So, you’re hearing whispers about the Labrador Retriever Plott Hound mix, eh? Sounds like a cool combo on paper, I get it. Folks think they’re getting the best of both worlds, a kind of super-dog.
I got pretty deep into looking at these myself a while back. Thought, hey, Lab’s friendliness, Plott’s smarts and that incredible nose – what’s not to love? Seemed like a straightforward path to an awesome companion.

My journey with this mix, though, it wasn’t about owning one directly. Nosiree. It was more like an… an immersion experience, shall we say, courtesy of my brother-in-law, Mike. He’s a good guy, but sometimes he jumps in with both feet before checking the depth of the water.

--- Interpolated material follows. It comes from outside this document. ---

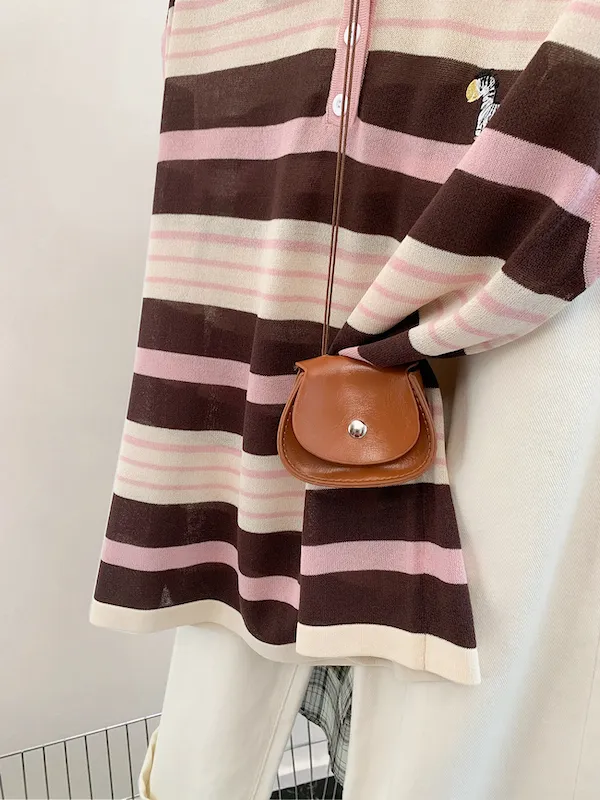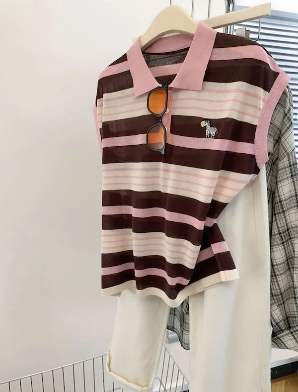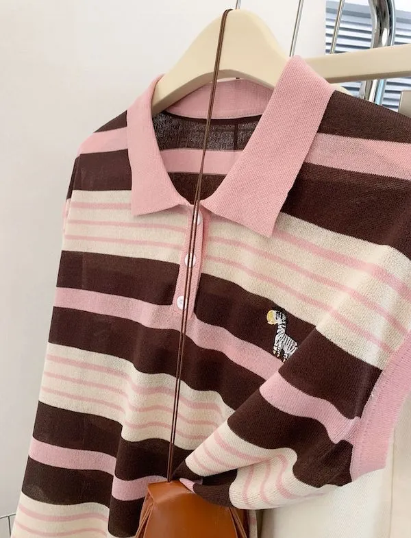 甜美時光 小狗刺繡條紋針織半袖Polo衫

What We Thought We Were Getting vs. The Furry Reality
Mike, bless his heart, dives headfirst into things. He went out and picked up ‘Moose,’ a Lab-Plott pup, thinking he’d get a chill hiking buddy, something to calmly explore the trails with. We all pictured this noble, easy-going dog. You know, the kind you see in those outdoorsy commercials, looking majestic on a mountaintop.
What we actually got was a furry little tornado with a voice that could wake the dead. And boy, did he use it, especially at 5 AM. My ‘practice’ with this specific mix started with the frantic phone calls. ‘Hey, can you come over? Moose ate the arm of the sofa.’ Or, ‘Moose dug up the entire backyard looking for… well, we still don’t know what he was after.’

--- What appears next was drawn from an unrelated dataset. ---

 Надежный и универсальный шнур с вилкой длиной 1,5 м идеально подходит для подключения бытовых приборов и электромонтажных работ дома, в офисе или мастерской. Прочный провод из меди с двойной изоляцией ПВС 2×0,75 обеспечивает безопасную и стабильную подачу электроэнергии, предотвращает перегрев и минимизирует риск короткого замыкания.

The energy levels were just off the charts. I mean, I’m a pretty active person, I like a good long walk, but this dog was next level. We’d take him out for hours, proper running and playing, and he’d still be bouncing off the walls when we got home. My sister, Mike’s wife, was seriously losing her mind. She said it was like having a perpetual motion machine powered by chaos.
Then there was the ‘Plott’ part coming through strong. Super smart, yeah, which sounds great until you realize that also meant he was super good at figuring out how to get into trouble. Childproof locks? Please. Moose saw those as a personal challenge. And the nose! Oh, that nose. Once he caught a scent, forget it. He was GONE. Didn’t matter what you were saying or offering. We spent more time practicing ‘recall’ than anything else, and even then, it was a fifty-fifty shot, on a good day.

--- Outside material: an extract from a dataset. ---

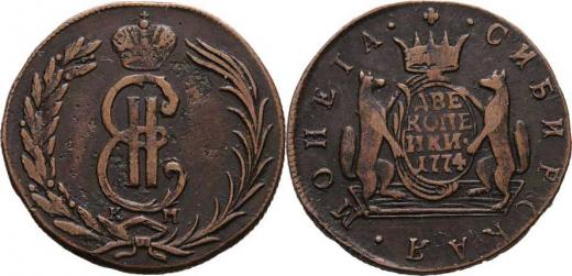 2 Kopějka 1774 KM - pro Sibiř, minc. Kolyvan, Cr.4 (měď) 10.492g, dr.vady materiálu, mírně kor., pat. R!

I remember this one time, we were attempting a civilized family BBQ in the backyard. Moose was supposed to be ‘settled’ on his mat. Five minutes later, there’s this ruckus, and he’s halfway up the big oak tree, baying like he’s cornered a mountain lion, all because a squirrel looked at him funny. The whole neighborhood knew about Moose’s squirrel vendettas.
My role in all this? I kind of became the unofficial ‘Moose Wrangler’ on weekends and many evenings. My sister would call in desperation. So, I tried all the tricks in the book I’d ever learned or read about. We went through:

- Endless fetch sessions that usually ended with me being more tired than the dog.
- Puzzle toys that he’d crack in about three minutes flat, then look at me like, ‘Is that all you got?’
- Long, rambling walks in the woods where he’d try to drag me off-trail after every single deer, rabbit, or interesting smell, which was basically every five feet.
It wasn’t that Moose was a ‘bad’ dog. Not at all. He had his sweet moments, real affectionate Lab style. But he was just… a LOT of dog. More than Mike, or any of us, really bargained for. The Lab part wanted to please you, you could see it in his eyes. But the Plott Hound in him just wanted to GO, to TRACK, to SING THE SONG OF HIS PEOPLE, loudly.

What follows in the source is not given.